Wien - "Licht und Schatten" bilanziert SPÖ-Bundesgeschäftsführer Günther Kräuter den von ihm organisierten Parteitag am gestrigen Samstag in St. Pölten. Einerseits freute er sich über die "interessante und leidenschaftliche" inhaltliche Diskussion vor allem der jungen Delegierten, andererseits sei das "bescheidene Ergebnis" von Werner Faymann bei der Vorsitzenden-Wahl eine "bittere Pille", meinte Kräuter Sonntagvormittag auf Anfrage der APA.

Als möglichen Grund für die 85 Streichungen, die letztlich zu dem historisch niedrigen Ergebnis von gut 83 Prozent führten, sieht der Bundesgeschäftsführer, dass die Delegierten noch zu wenig mitbekommen hätten, dass Faymann in Europa die Finanztransaktionssteuer zustande gebracht habe: "Das ist noch nicht wirklich angekommen, was das für eine politische Leistung ist."
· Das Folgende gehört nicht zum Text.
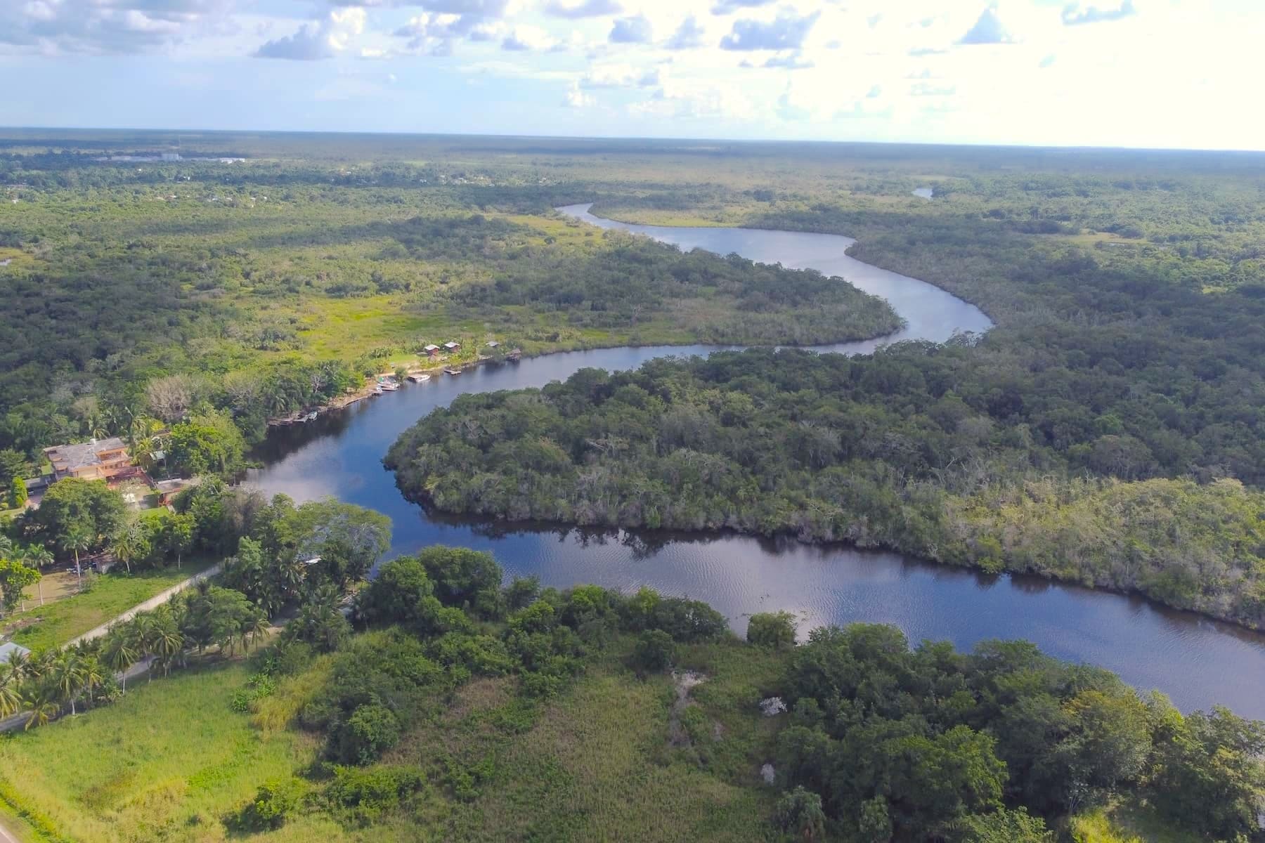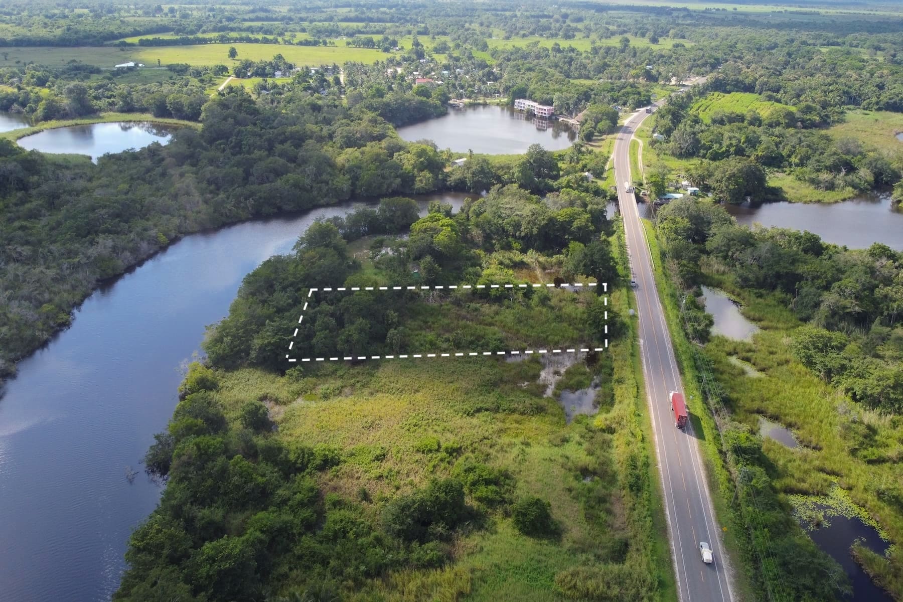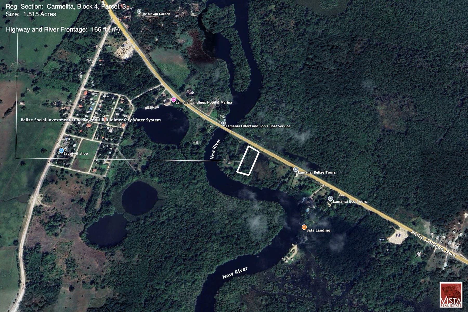 Beautiful 1.5-Acre property offers 166 ft.(+/-) along the Phillip Goldson Highway and the rolling New River in Carmelita Village, Orange Walk District, Belize. Land is perfectly positioned east of Tower Hill Bridge and west of the Lamanai Landings Hotel and Marina, blending privacy, tranquility and convenience effortlessly.

Dazu kämen die neuen Transparenzregelungen. Die kleinen Funktionäre sähen, dass die "schwarz-blauen Kriminellen und Korrupten" noch immer frei herumliefen, während sie sich selbst sogar bei Tombolas mit strengen Vorschriften abmühen müssten. Kräuter glaubt, dass es hier sogar zu einer Novellierung kommen muss durch die Einführung einer Bagatellgrenze. Entsprechende Signale habe er nämlich von relevanter Seite auch von der ÖVP und den Grünen gehört.

Kräuter glaubt nicht an U-Ausschuss-Groll

Dass die Partei Faymann sein Nicht-Erscheinen vor dem U-Ausschuss in der Inseraten-Affären nicht verziehen hat, glaubt Kräuter hingegen nicht. Mittlerweile schätzten nämlich die Funktionäre das "sehr richtig" ein, dass die Situation des Kanzlers nicht mit Deutschland vergleichbar sei. Denn dort würde Regierungschefin Angela Merkel auch nie einen Untersuchungsausschuss betreten, wo jemand drin sitze, der angezeigt habe und sich dann als Richter aufspiele, meinte Kräuter mit Blick auf FPÖ-Generalsekretär Harald Vilimsky, der die Ermittlungen der Justiz in der Inseraten-Affäre ins Rollen gebracht hatte und in der Schlussphase des U-Ausschuss FP-Fraktionsführer war.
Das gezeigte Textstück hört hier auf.